Che cos’è il cloud? Come funziona?

Per risolvere questi ed altri problemi del genere è nato quindi il cloud (termine inglese che significa
nuvola e che in italiano si pronuncia clàud) che non è altro che uno spazio di archiviazione
personale, chiamato talvolta anche cloud storage, che risulta essere accessibile in qualsiasi
momento ed in ogni luogo utilizzando semplicemente una qualunque connessione ad Internet.
Bisogna comunque precisare che con il termine cloud, oltre che a riferirsi al cloud storage, a
volte ci si potrebbe riferire anche ad altri servizi offerti dal cloud computing.
Il cloud storage, dunque, non fa altro che sincronizzare tutti i propri file preferiti in un unico posto,
con il conseguente vantaggio di riscaricarli, modificarli, cancellarli e/o aggiornarli, senza avere
quindi più il bisogno di portare con sé hard disk esterni, pen drive USB, o qualsiasi altra cosa che
normalmente è possibile perdere o dimenticare. Oltre a questo, volendo, ci sarà anche la possibilità
di fare delle preziose copie di backup (di cui parleremo successivamente), nonché, di condividere
tutti i propri file preferiti con chi si vorrà, e per quanto tempo si vorrà, con indubbi vantaggi in
termini di tempo e praticità.

Ma c’è da fidarsi?

Magari non ti senti sicuro a lasciare i tuoi file sparsi chissà dove, ma forse non sai che già lo stai
facendo da diverso tempo. A cosa mi riferisco? Mi riferisco al tuo indirizzo email, o meglio, alla tua
casella di posta elettronica. Infatti, la tua casella di posta elettronica non è altro che uno spazio
personale e privato al quale puoi accedere soltanto tu, dove e quando vuoi. Il meccanismo del cloud
storage è più o meno lo stesso, solamente che invece di inviare, leggere o cancellare dei messaggi di
posta elettronica, invii, leggi, modifichi, cancelli, scarichi o archivi tutti o parte dei tuoi file, cioè
proprio come stai già facendo ora direttamente con il tuo smartphone, con il tuo tablet e/o con il tuo
computer.

Ma è davvero gratis?

Sì, entro certi limiti è completamente gratuito, ma qualora ne avessi bisogno, pagando una
piccola somma di denaro al mese, potrai avere a disposizione ancora più spazio, con delle
dimensioni che potrebbero essere paragonabili, se non addirittura maggiori, a quelle di un comune
hard disk per PC. Ad ogni modo ricorda che nella maggior parte dei casi lo spazio a disposizione
gratuito dovrebbe essere già più che sufficiente.
Come e dove posso ottenere il mio cloud storage?

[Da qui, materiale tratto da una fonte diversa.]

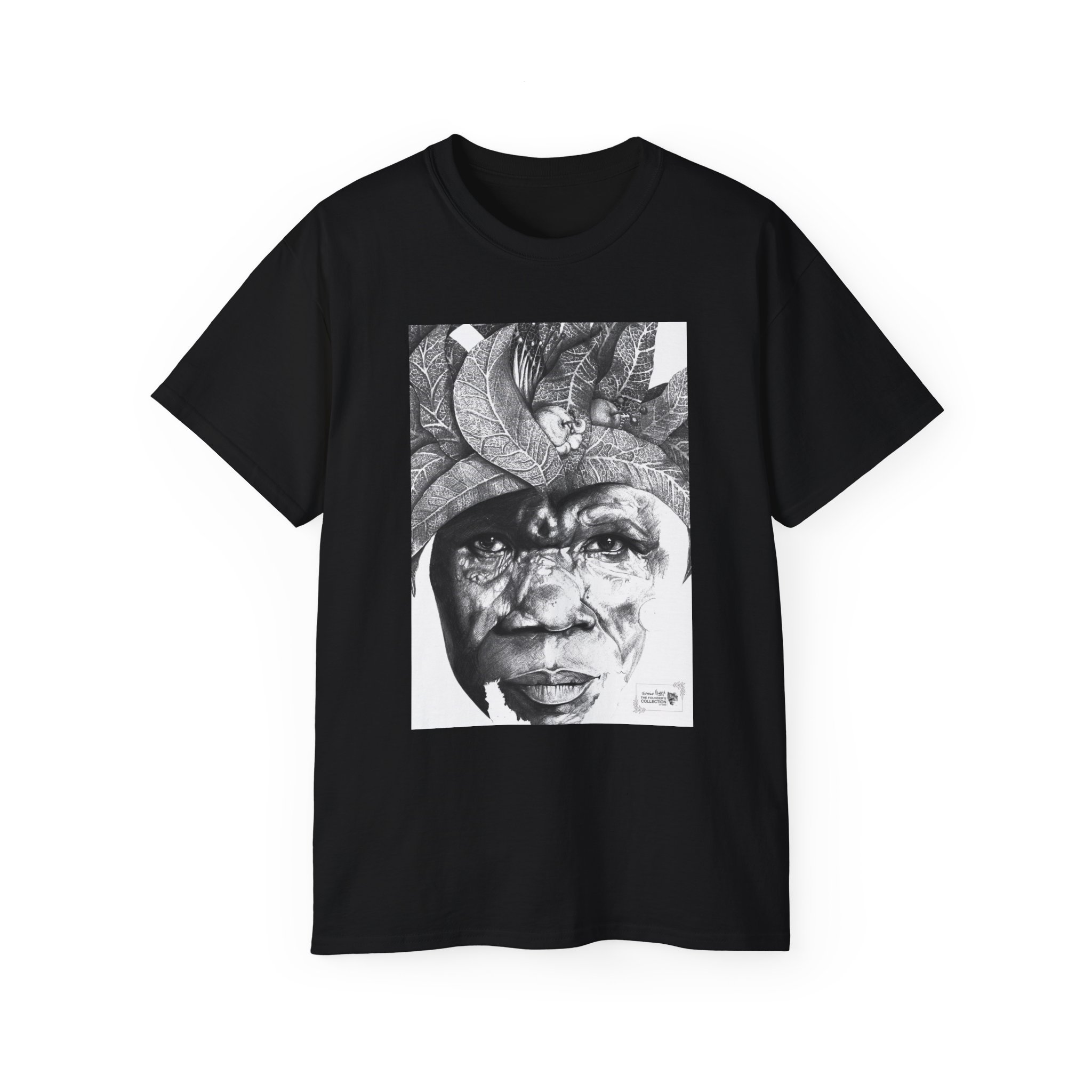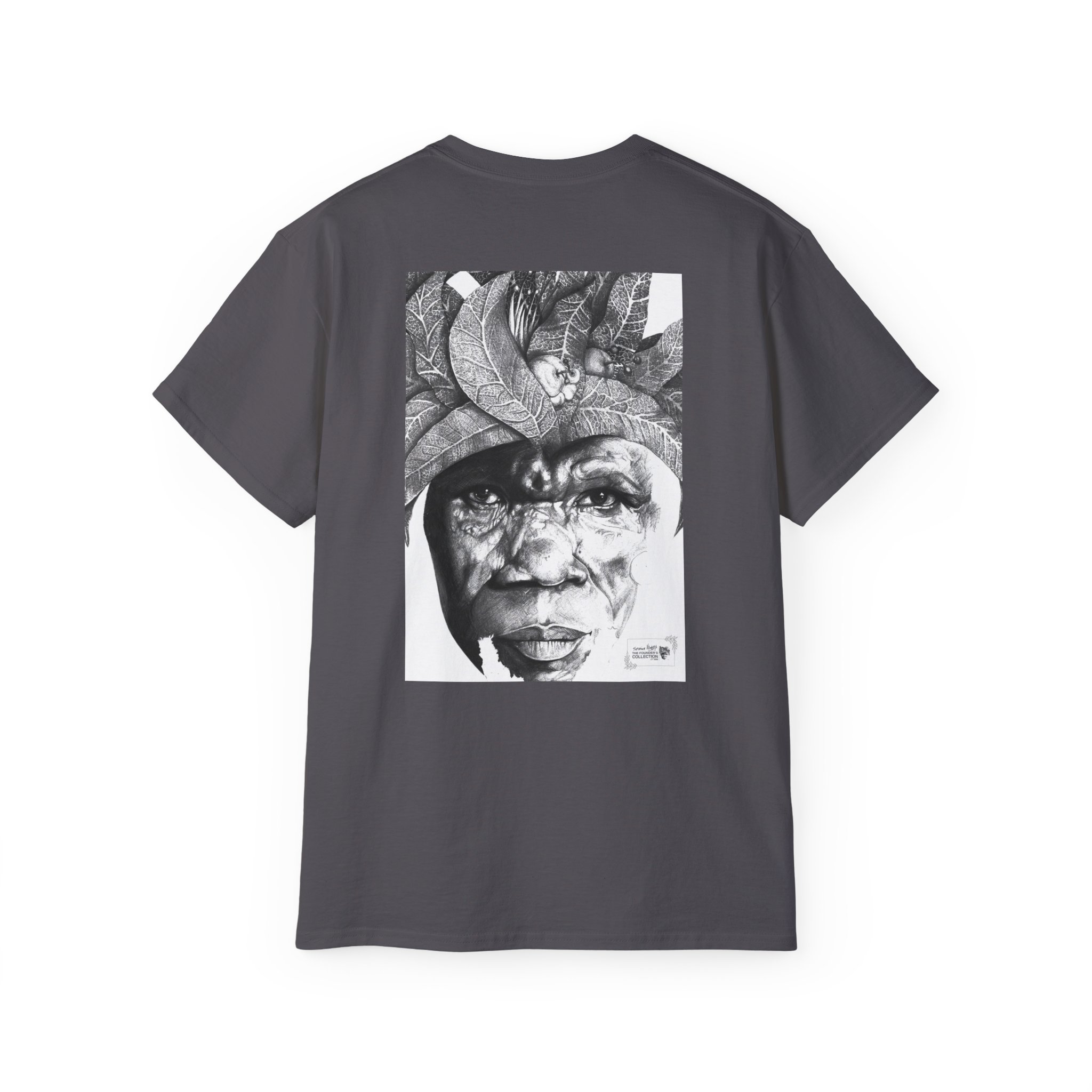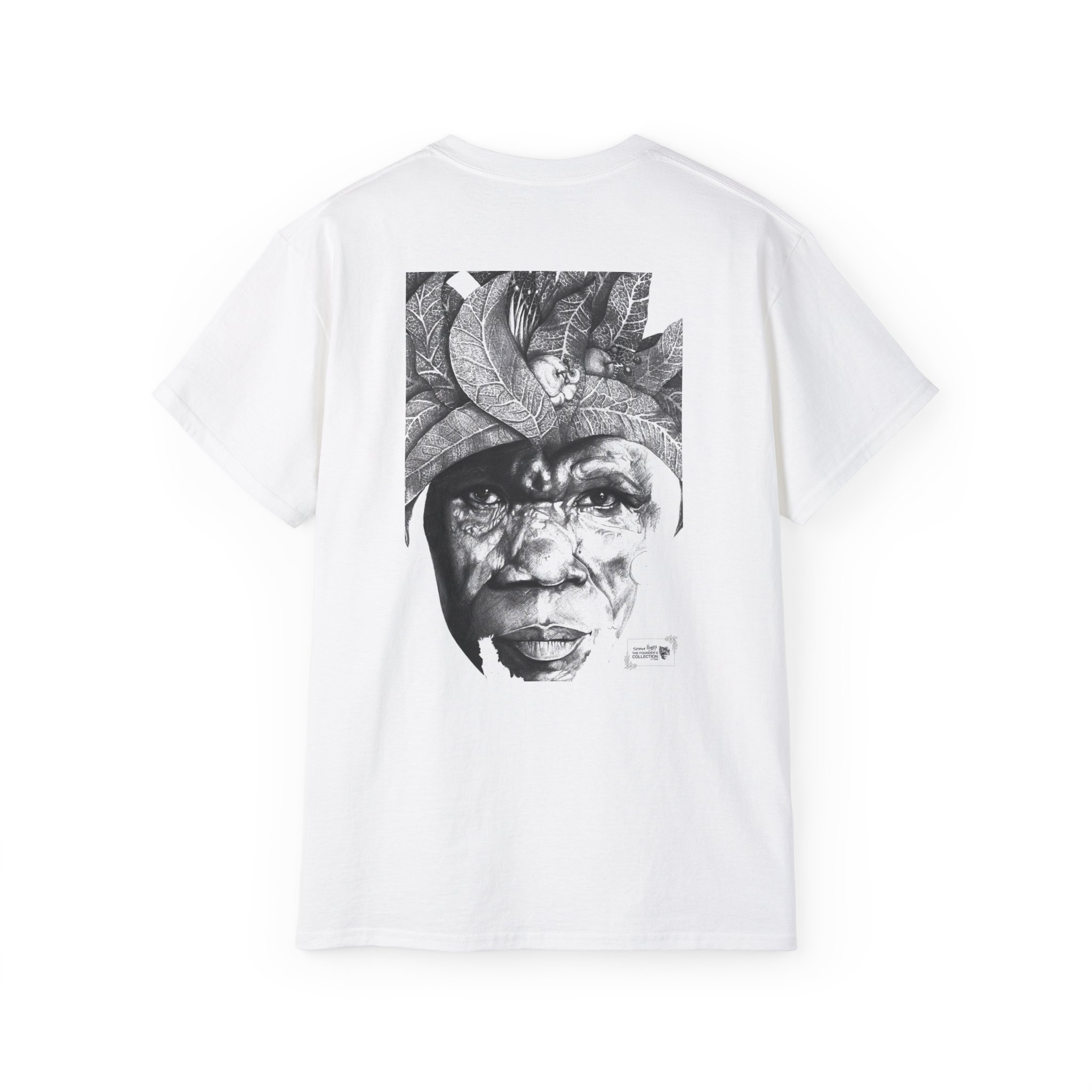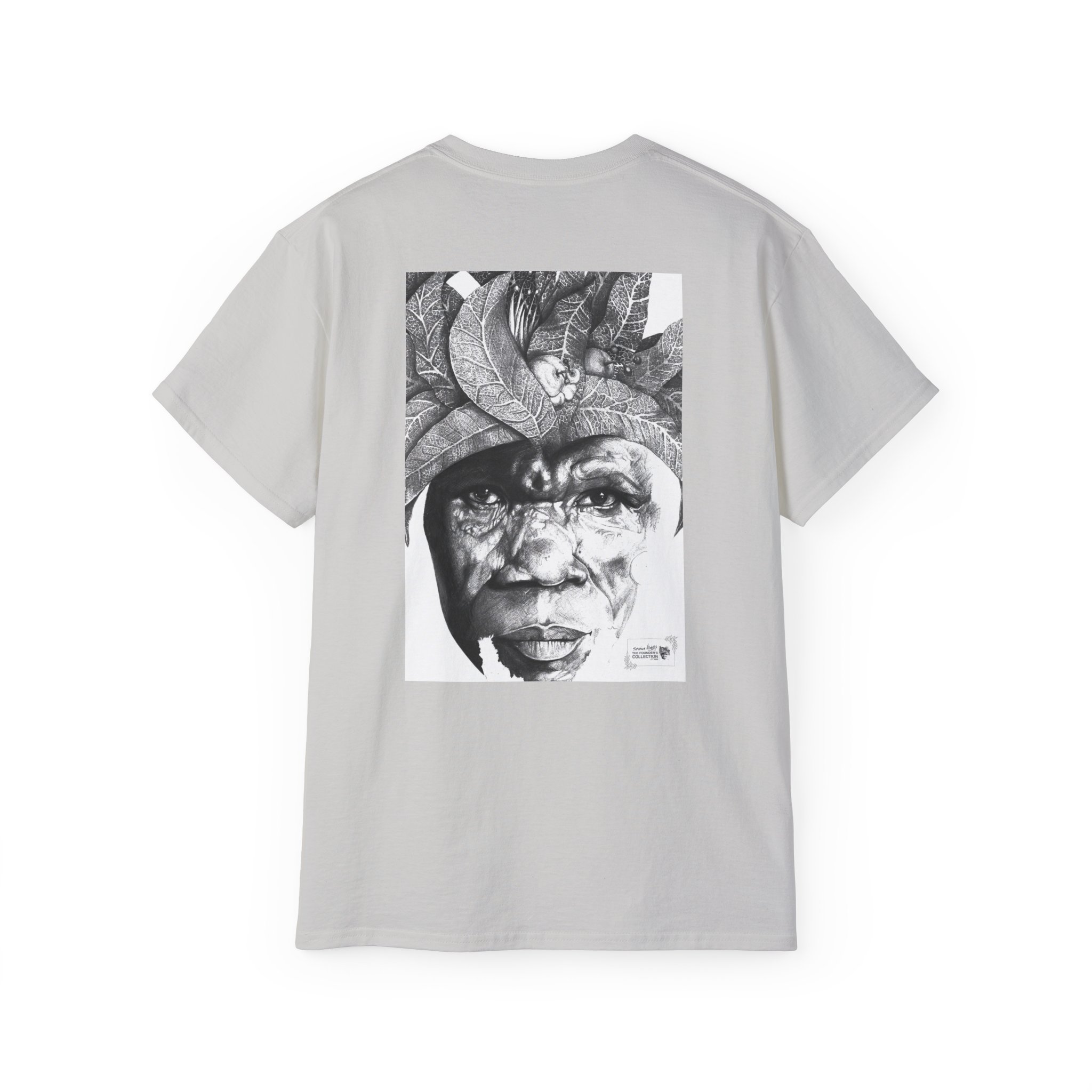 Rooted in Siphiwe Ngwenya’s Artworks that Work philosophy, this piece transforms everyday clothing into a carrier of meaning. The portrait reflects subtle storytelling — about wisdom, endurance, and cultivated inner worlds — making the tee ideal for those who prefer expression that unfolds slowly rather than announces itself.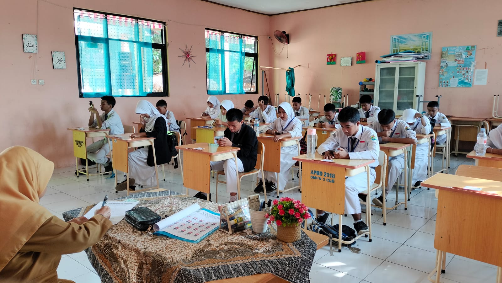 Kepala SMP Negeri 5 Cilegon, Dr. M. Asholahudin, S.Pd., M.Pd., menjelaskan bahwa ujian sekolah kali ini diikuti oleh seluruh siswa kelas 9 dari rombel 9A sampai 9I. “Alhamdulillah hari pertama semua siswa hadir. Kami berharap anak-anak lebih teliti dalam mengerjakan ujian sekolah sehingga bisa mendapatkan hasil yang memuaskan,” ujarnya saat memantau pelaksanaan ujian.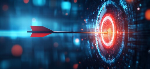 A digital arrow targeting a glowing red bullseye in a tech landscape.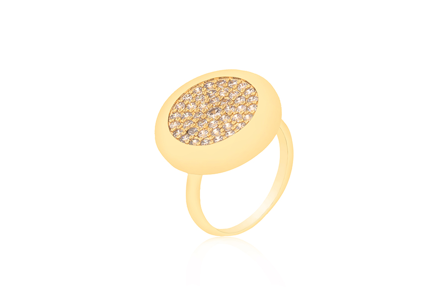 ANEL BANHADO EM OURO, ZIRCÔNIA OVAL 6X4mm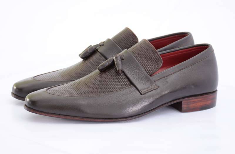 Handmade Men's Gray Color Pebbled Leather Round Toe Tussle Loafers
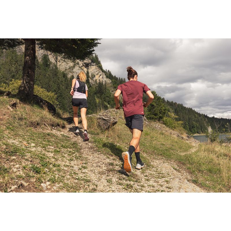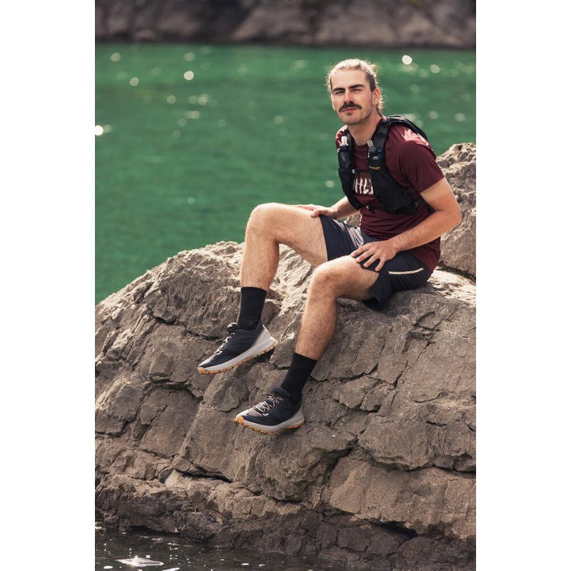 Tênis leve com 300 g no tamanho 42?Recomendado para corredores de trilha de até 90 kg.????Graças aos seus pitões de 4 mm, a borracha da sola proporciona um compromisso ideal entre aderência e aderência (borracha nova e design adaptado) e permite versatilidade tanto em trilhas quanto em trechos de estrada, mantendo-se confortável.?? Protetores de pedra na frente e atrás para proteger você do terreno natural.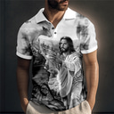 Homme Jésus Chrétien Polo Chemise de golf Manche Courte Polos Chemises à Col ancien Occasionnel Vêtements de vacances Vêtements de festival Tenues de fête Boutons Impression 3D Jaune Bleu Vert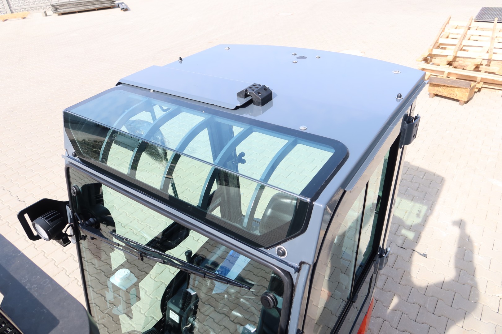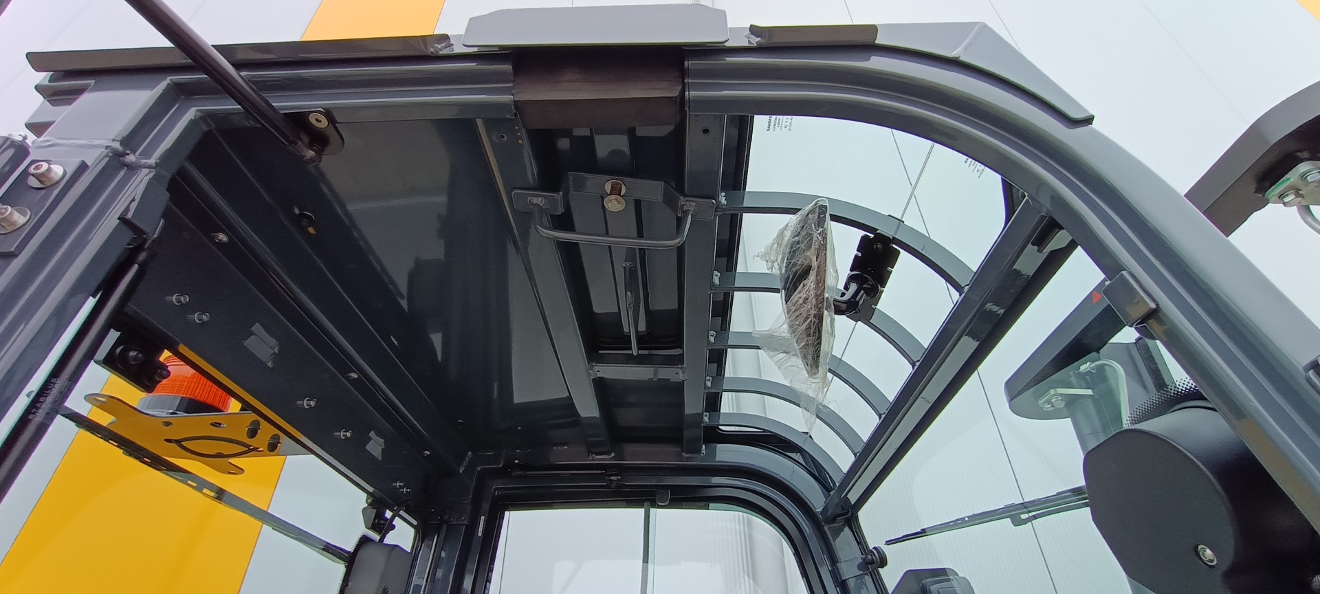 The cab's roof glass is made of toughened glass coated with safety film, which provides maximum protection for the operator, as it does not shatter into small fragments in the event of damage, but retains its shape and therefore minimises the risk of injury to the operator.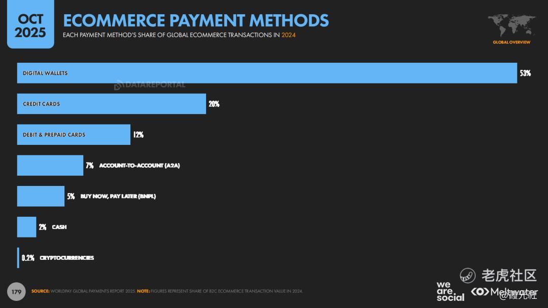 在驱动因素上,价格和履约体验仍然是用户线上购物的主要考量。与此同时,数字支付的基础设施也在迅速夯实。报告指出,约53%的电商交易通过数字钱包完成,约有1/4的全球网民每月使用移动支付服务。这表明,数字钱包正在取代传统银行卡成为主流支付方式。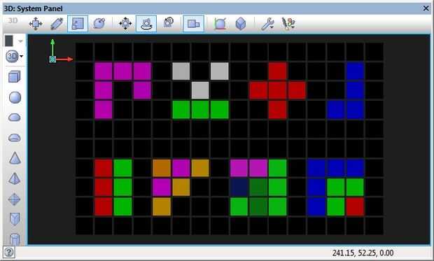 Como no tenemos una enorme cantidad de pixeles que he creado un simple icono para cada una de las funciones que quería añadir a mi mesa. Cada icono se encuentra dentro de una caja de 5 x 4 píxeles, permitiendo 8 elementos de menú. Elegí mi menú para representar lo siguiente:

Se per caso hai un indirizzo email di Google e/o della Microsoft hai già a disposizione il tuo
cloud storage personale, quindi ti basterà semplicemente iniziare ad usarlo caricando i tuoi file.
Se invece non hai uno di questi indirizzi email, o più semplicemente non vuoi utilizzare il cloud
storage che viene gratuitamente offerto da Google e/o dalla Microsoft, potrai tranquillamente
avvalerti di uno o più dei tanti appositi servizi gratuiti.
Ecco, pertanto, una breve lista dei migliori servizi gratuiti di cloud storage, nella quale, tra
parentesi, ho indicato lo spazio base a disposizione. Tieni però presente che su Internet, oltre a
questi, esistono anche altri servizi del genere, gratuiti o meno:

 Dropbox (2 GB);
 Amazon Cloud Drive (5 GB);
 iCloud (5 GB, per chi usa iPhone, iPad e in generale tutti i dispositivi della Apple);
 Mega (50 GB);
 Degoo (100 GB).

C’è da dire, inoltre, che compiendo determinate azioni mediante alcuni di questi servizi, come
ad esempio invitare gli amici ad utilizzare lo stesso servizio, mettere un mi piace sulla pagina
Facebook del servizio in questione, installare una eventuale app per smartphone e/o tablet, e altre
cose del genere, sarà possibile aumentare ulteriormente lo spazio base gratuito a disposizione
entro un certo limite.
A prescindere comunque dal servizio scelto, una volta che ti sarai registrato presso il servizio in
questione, non dovrai fare altro che incominciare a caricare tutti i file che desideri, tramite il
tuo browser preferito o, volendo, tramite un’apposita applicazione per smartphone, tablet e/o PC,
dopodiché questi file saranno automaticamente accessibili attraverso un qualsiasi dispositivo
collegato ad Internet, pronti per essere scaricati e/o modificati.